Monitoring species to establish presence/absence and population size is expensive and time-consuming, yet crucial when studying the impacts of climate change on terrestrial ecosystems. Automatic acoustic observatories (AAO) are devices that passively collect and classify sounds to enable species identification in the field but they must be trained prior to going into the field.
This project aims to achieve a step change in AAOs by adding evolutionary knowledge of acoustic communication to identify species without prior training. This will be a practical, cost-effective and powerful way to establish species presence/absence in areas without extensive fieldwork, and continuously monitor a range of ecological environments without prior knowledge of species occupation. This will open up new opportunities for research in sensory ecology, augmenting traditional approaches, which will lead to novel solutions to ecological problems.
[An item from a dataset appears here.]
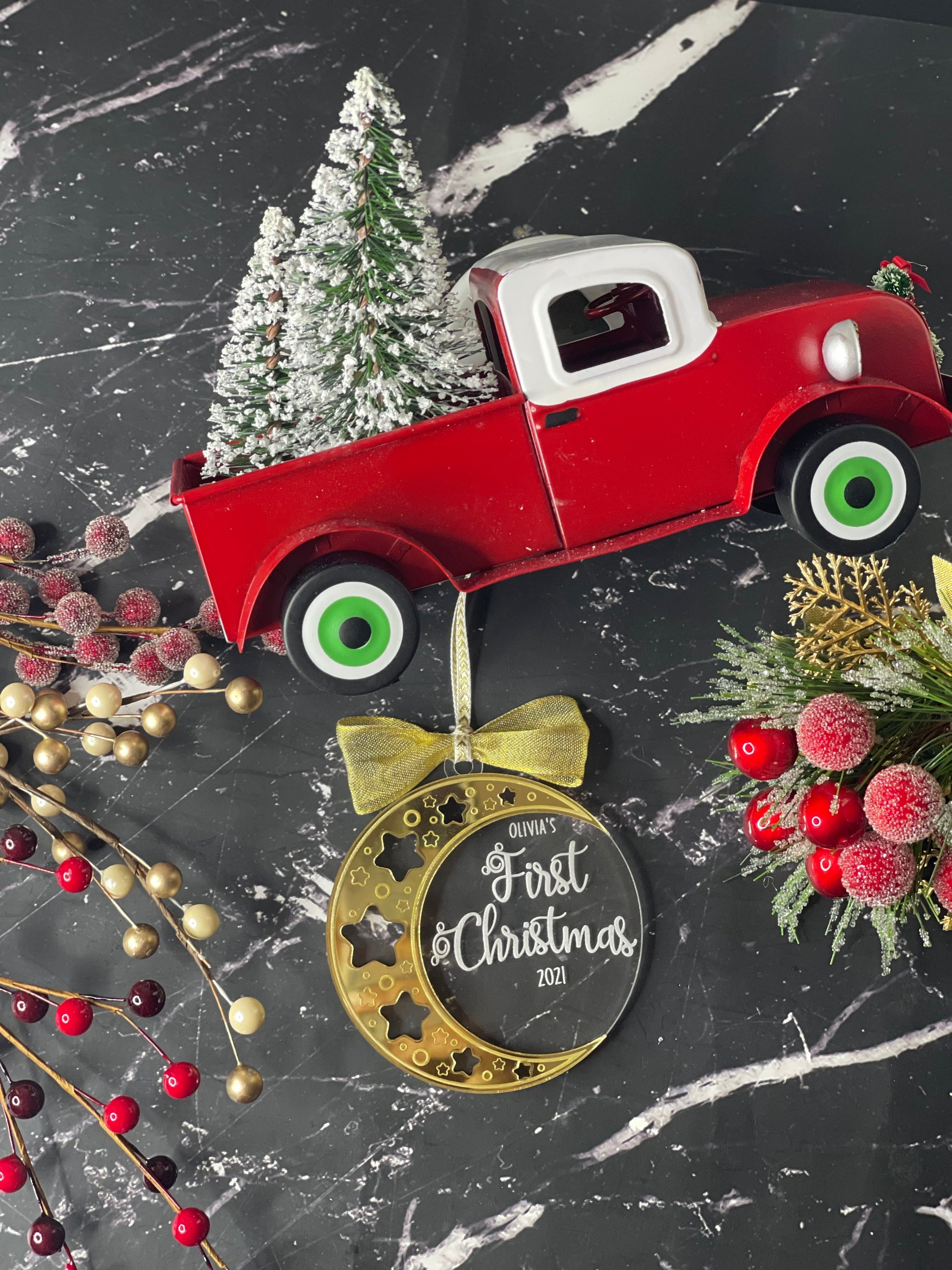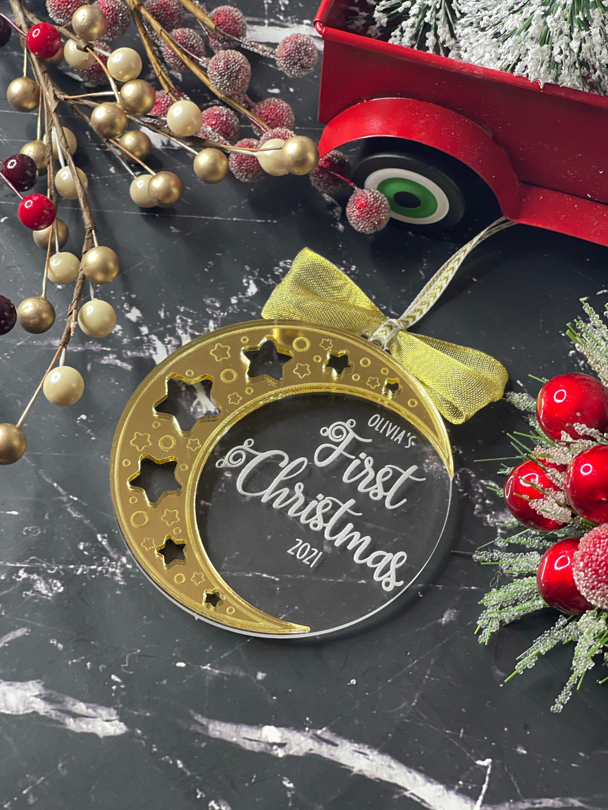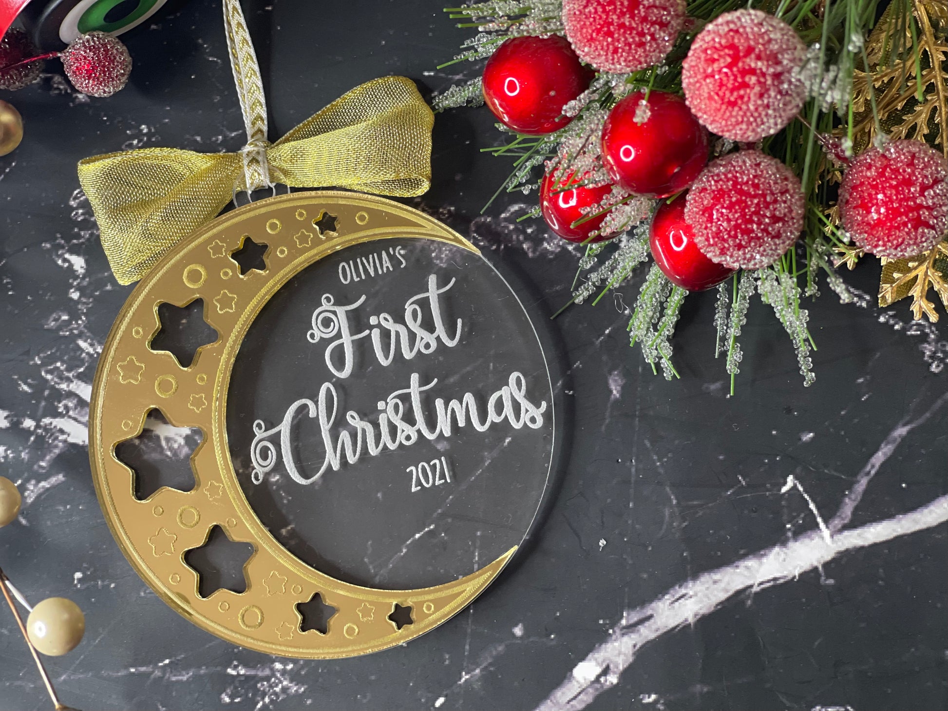 Get our custom made Baby's First Christmas Ornament, words are engraved on clear acrylic and the moon gives a 3D effect to the ornament.

Our aim is to develop and field-test technology that will enable the automated continuous monitoring of acoustic communities in a non-invasive and low cost way. We will focus on Orthoptera song (grasshoppers, crickets and bush-crickets) as a model system but in the longer term these techniques will be applicable across a wide range of acoustically communicating organisms. We will develop comparative analyses of Orthoptera song to inform the development of automatic acoustic observatories, which will then be field-tested to assess performance before dissemination. This will be achieved by pursuing a number of research objectives including the design of AAO devices, describe evolutionary relationships of Orthoptera and the evolution of song and to test systems in the field.
The project is multidisciplinary involving academics and researchers in three departments at York: Electronic Engineering, Biology and Environment and Geography.